Finding and classifying data is finding and labeling it in such a way that you can quickly and efficiently retrieve the relevant information when needed. The current process is more manual in nature and consists of examining the relevant laws or regulations, determining what types of information should be considered sensitive and what the different levels of sensitivity are, and then in the appropriate class building and classification policy [1]. After data loss prevention (DLP) systems, data is fingerprinted and endpoints are monitored downstream for fingerprints. When dealing with a warehouse with a lot of assets and petabytes of data, this approach simply does not scale.
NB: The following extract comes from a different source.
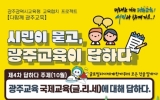 광주 이자형 기자2025. 10.19[나이스데이]광주시교육청시민협치진흥원은 오는 29일 오전 10시부터 2시간 동안 본원 소강당에서 시민 소통 행사 ‘시민이 묻고, 광주교육이 답하다’를 운영한다. 이번 행사는 지난 7월 ‘고입·대입 진학’ 주제를 시작으로, 8월 ‘AI 디지털 교육’, 9월 ‘학교폭력 예방 및 학생 마음·사회 정서’ 등 순으로 진행됐으며, 29일에는 올해 마지막으로 ‘국제교육’을 주제로 열린다. 마지막 행사 역시 시민들의 궁금증을 해소하고 공감대를 형성하는데 주력할 예정이다. 시교육청 세계민주시민교육과 장학관, 장학사가 참여해 국제교육 핵심 정책…

Our goal is to build a data classification system that scales for both persistent and volatile user data, without any additional constraints on data type or format. This is an ambitious goal, and naturally fraught with difficulties. Any data record can be thousands of characters long.





Figure 1. Streams of online and offline forecasting



Therefore, we must effectively represent it using a common set of features, which can then be combined and easily moved. These features should not only provide an accurate classification, but also provide flexibility and extensibility to easily add and discover new data types in the future. Second, you need to deal with large, stand-alone tables. Persistent data can be stored in tables that are many petabytes in size. This can lead to a decrease in scan speed. Third, we must adhere to a strict SLA classification for volatile data. This makes the system highly efficient, fast and accurate. Finally, we need to provide low latency data classification for volatile data in order to perform classification in real time, as well as for internet use cases.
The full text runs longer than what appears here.